Always in need of money for his vast outlays, Leo administered his secular power solely with a view to his own immediate revenue, and set up trade monopolies in Florence and the papal estates wherever he could. As to the usual effects of the papal power on commerce, see Napier, Florentine History, 1845, ii, 413. "The Court of Rome, since it had ceased to respect the ancient municipal liberties, never extended its authority over a new province without ruining its population and resources" (Sismondi, Short History, p. 319).
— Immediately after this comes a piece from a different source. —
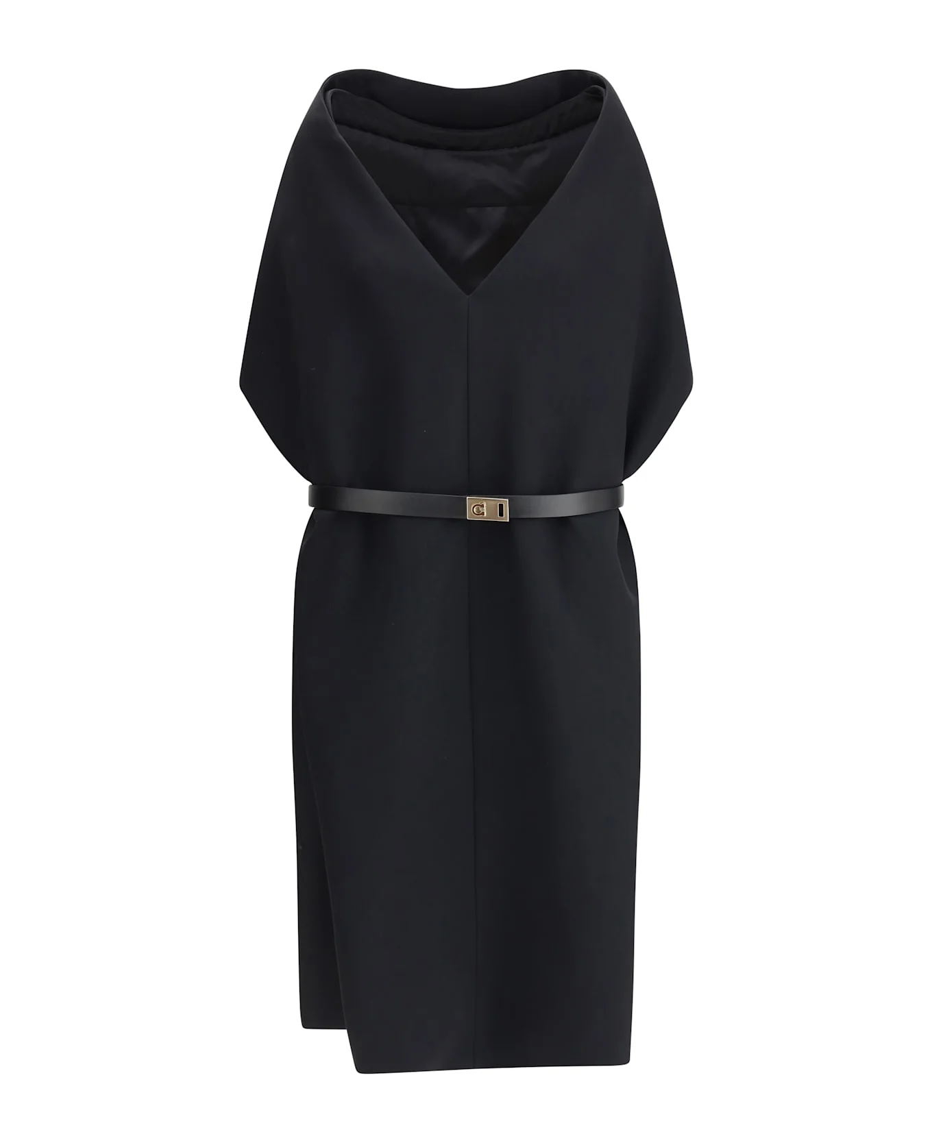 The belted midi dress by ferragamo with billowing front panel embodies sculptural sophistication, crafted from a refined blend of wool and viscose faille that balances structure and fluidity. the strong silhouette features an integrated shawl draping across the front, flowing into a deep v-cut at the back. the softly billowing cape-like panel enhances the fluid lines of the midi dress, cinched at the waist with a golden hug buckle that adds a signature ferragamo touch. Composition: 73% % Viscose, 27% % Fleece Wool Made in: Italy Model number: 788143003

Roscoe (Life of Leo X, ed. 1846, ii, 207) speaks of a revival of Florentine commerce under Leo's kinsman, the Cardinal, about 1520; but this is almost the only glance at the subject of trade and administration in Roscoe's work.

Under Pope Gregory XIII (1572-84) there was for a time fair prosperity in States that had formerly suffered from more precarious tyrannies; but ere long "the taxes laid upon persons, property, and commerce, to replace the lost revenues of Christendom, dried up these resources"; and many cities fell into poverty. Ancona in particular was so crushed by a tax on imports that her Mediterranean trade was lost once for all. (Zeller, Histoire d'Italie, 1853, p. 406.) Sismondi's charge is substantially borne out also by Ranke's account (History of the Popes, Eng. trans. 1-vol. ed. 1859, pp. 118-19) of the ruinous impositions of Pope Sixtus V (1585-90), who taxed the poorest trades and the necessaries of life, besides debasing the coinage and raising further revenue from the sale of places at exorbitant prices, leaving the holders to recoup themselves by extortion and corruption. Cp., however, Zeller, pp. 409-10, as to his municipal improvements.

As to Spanish misrule, see Cantù, Storia degli Italiani, cap. 139, ed. pop. ix, 512; Sismondi, Républiques, xvi, 71-76, 158-59, 170, 217; Symonds, Renaissance, vol. vi, pt. i (Catholic Reaction), pp. 52, 65; Procter, History of Italy, 1844, pp. 218, 219, following Muratori and Giannone; Spalding, Italy, ii, 264-72, citing many other sources. "The Spaniards, as a Milanese writer indignantly remarks, possessed Central Lombardy for 172 years. They found in its chief city 300,000 souls; they left in it scarcely a third of that number. They found in it seventy-five woollen manufactories; they left in it no more than five" (Spalding, ii, 272). Agriculture suffered equally. The decay of manufactures might be set down to outside causes, not so the rise in taxation.